I am reading a proof about the existence of the uniqueness of a SDE. There arises the following problem.
Let $X_t$ and $Y_t$ be two solutions of the SDE $dX_t=b(t,X_t)dt+\sigma(t,X_t)dW_t, X_0=\Xi$, where W is an r-dimensional Brownian motion.
Now by Ito, $$\Vert X_t-Y_t\Vert^2=2\int_0^t \langle b(s,X_s)-b(s,Y_s),X_s-Y_s\rangle ds +2\sum_{i=1}^d\sum_{j=1}^r\int_0^t (X_s^i-Y_s^i)(\sigma_{i,j}(s,X_s)-\sigma_{i,j}(s,Y_s))dW_s^j+\int_0^t \Vert\sigma(s,X_s)-\sigma(s,Y_s) \Vert^2 ds$$
How does this follow? I tried to apply Ito formula to $f(X_t-Y_t)$ with $f(x):=\Vert x\Vert^2$, but this does not work out.

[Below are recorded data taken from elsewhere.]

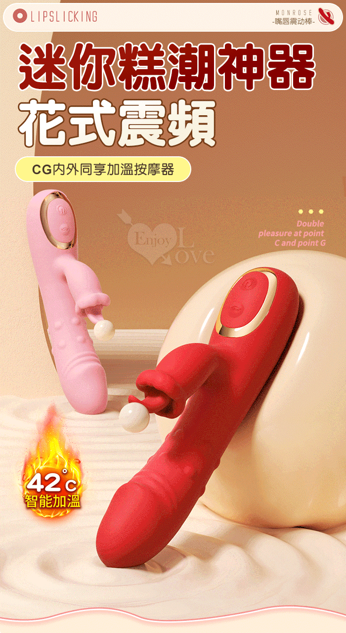 | ROSELEX 迷你糕潮神器 雙10頻雙激震舌擊點 CG內外同享加溫按摩器 - 紅
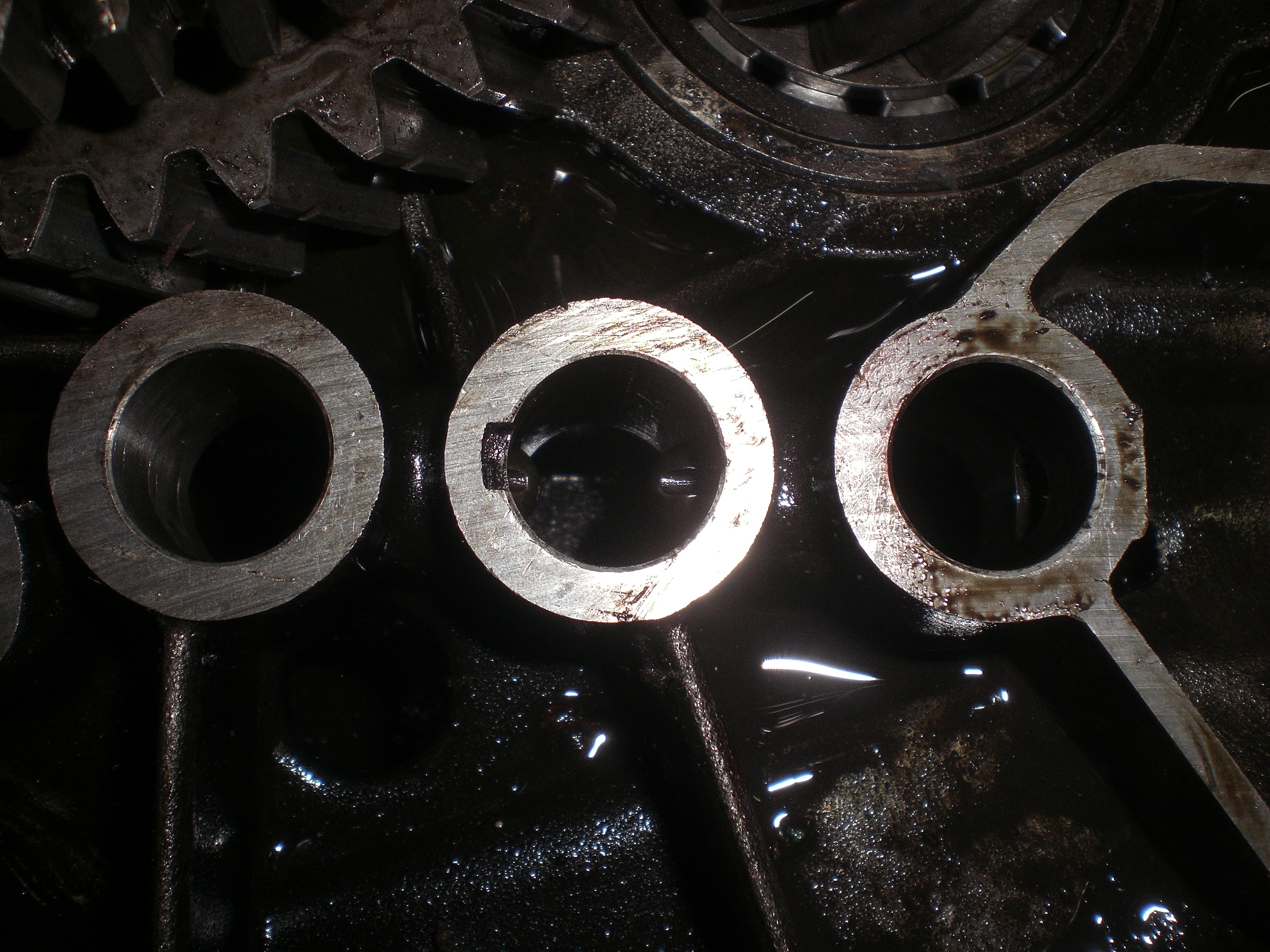 This shows it better, 2 selector shafts in and a gear selected which pushes the plunger out which would lock the shaft that fits into this hole.
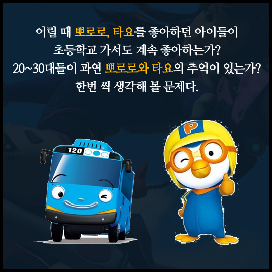20~30대들이 과연 뽀로로와 타요의 추억이 있는가? 한번씩 생각해볼 문제다.

Could someone help me here and show how to apply Ito correclty here.
Best Answer
Let $f:\mathbb R^d \to \mathbb R, (t, x) \mapsto \|x\|^2$. Then $f$ is smooth and time-independent. The derivatives of $f$ are as follows:
$$\frac{\partial}{\partial x_i} f(x) = 2x_i, \quad \frac{\partial^2}{\partial x_i\partial x_j} f(x) = 2\delta_{ij}$$
By Itô's formula: \begin{align} \mathrm d f(X_t-Y_t) &= \sum_{i=1}^d \frac{\partial f}{\partial x_i} (X_t-Y_t) \mathrm d(X^i_t-Y^i_t)\\ &+ \frac 12 \sum_{i,k=1}^d \frac{\partial^2 f}{\partial x_i\partial x_k} (X_t-Y_t) \sum_{j=1}^r (\sigma_{ij}(t,X_t)-\sigma_{ij}(t,Y_t))(\sigma_{kj}(t,X_t)-\sigma_{kj}(t,Y_t)) \mathrm dt\\ &= \sum_{i=1}^d 2(X^i_t-Y^i_t) (b^i(t,X_t)-b^i(t,Y_t)) \mathrm dt\\ &+ \sum_{i=1}^d 2(X^i_t-Y^i_t) \sum_{j=1}^r (\sigma_{ij}(t,X_t)-\sigma_{ij}(t,Y_t)) \mathrm dW^j_t\\ &+ \frac 12 \sum_{i=1}^d 2\sum_{j=1}^r (\sigma_{ij}(t,X_t)-\sigma_{ij}(t,Y_t))^2 \mathrm dt\\ &= 2\langle X_t-Y_t, b(t,X_t)-b(t,Y_t)\rangle \mathrm dt\\ &+ 2\sum_{i=1}^d \sum_{j=1}^r (X^i_t-Y^i_t)(\sigma_{ij}(t,X_t)-\sigma_{ij}(t,Y_t)) \mathrm dW^j_t\\ &+ \|\sigma(t,X_t)-\sigma(t,Y_t))\|^2 \mathrm dt \end{align} Here, $\|\cdot\|$ denotes the Frobenius norm. Furthermore: $$f(X_0-Y_0) = f(\Xi-\Xi) = f(0) = 0$$ Integrating $\mathrm df(X_t-Y_t)$ from $0$ to $t$ now yields the following identity: \begin{align} \|X_t-Y_t\|^2 &= 2\int_0^t \langle X_t-Y_s, b(s,X_s)-b(s,Y_s)\rangle \mathrm ds\\ &+ 2\sum_{i=1}^d \sum_{j=1}^r \int_0^t (X^i_s-Y^i_s)(\sigma_{ij}(s,X_s)-\sigma_{ij}(s,Y_s)) \mathrm dW^j_s\\ &+ \int_0^t \|\sigma(s,X_s)-\sigma(s,Y_s))\|^2 \mathrm ds \end{align}